There was a tense giddiness around the corridors of Leinster House, with TDs terrified and excited in equal measure about what might happen next.
As politicians stood up to speak on the nomination for Taoiseach in the Dáil chamber yesterday afternoon, there was a glaring emptiness where the six Independent Alliance members should have been seated. Heads craned to the doors at back of the chamber while fingers bashed away on phones, clearly trying to get the latest update on the manic scramble happening just metres away.

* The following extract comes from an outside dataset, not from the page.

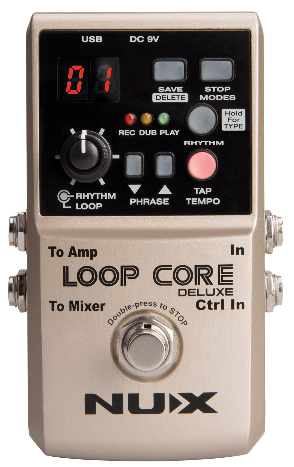 With upgraded hardware, the new Loop Core Deluxe allows you to record loop phrases up to 8 hours with unlimited layers in 24-bit high-resolution audio quality into 99 saved memories. Stop Modes To finish your playing, you can choose 3 different modes: 1- NORMAL MODE: Double tap - Instant Stop 2- FINISH MODE: Plays until the end of the last measure 3- FADE OUT MODE: 10 seconds Fade-Out Importing and Backing up Your Loop Phrases Connect your Loop Core Deluxe to your PC/Mac with a Mini-B USB connector to import available loop phrases or to back up yours. Loop Core Deluxe is only compatible with 24-bit/44.1kHz WAV files. Loop Core Deluxe Bundle The LOOP CORE BUNDLE includes the additional NMP-2 DUAL foot switch which is used to switch between loop phrases. Your recordings for verse, chorus, and bridge parts, can now be seamlessly accessed utilising the convenient DUAL foot switch.

The sticking point was bogs. It seemed that neither Fine Gael nor the Independent Alliance could find a way out of the mud, and instead were slinging it across the negotiation table at each other as the clock to a vote on Taoiseach ticked down.
From early morning, Independent TDs, legal advisers in tow, had been locked in talks behind the stone walls of Government Buildings. One Independent said there was “heated debate and extremely strong words exchanged” as both sides tried to gain and retain ground. Meanwhile, the expressions on faces in the Dáil chamber — including that of Taoiseach-in-waiting Enda Kenny — became ever more anxious.
It was looking like Michael Fitzmaurice could not make enough headway on turf- cutting, the Independent Alliance could not sign off when one of their group was unhappy, and the word “election” was being mentioned in hushed tones.
Journalists began to swarm outside the chamber in a bid to catch a passing TD and there were bonus points for anyone managing to nab an Independent-on-the-edge.
Eventually, the Independent Alliance appeared, but there were more mutterings and whispers in sleeves as both John Halligan — who had been teetering over the issue of cardiac care in the South East — and Michael Fitzmaurice, remained outside.
With just minutes to go before the vote, Mr Fitzmaurice took to the airwaves, speaking to his local Shannonside radio station — a clear sign of where his priorities lay with regards to Mr Kenny and his minority government.
In the end, Mr Fitzmaurice abstained, while the five other Independent Alliance members supported Mr Kenny.
But the vote was not without a wobbler as rural Independent TD Noel Grealish, who only hours previously had been tipped for a junior ministry, abstained and put himself out of contention.
The Healy-Rae party was also at odds, with Michael abstaining and Danny voting against the nomination.
With the vote sealing Mr Kenny’s second term as Taoiseach, attention turned to ministerial jobs.
Mattie McGrath, who voted against Mr Kenny, still seemed delighted as he made his way into the chamber to hear news of the cabinet.
“Shane Ross is Minister for Transport. It’s great, we will have a Luas to Tipperary and everything,” he said.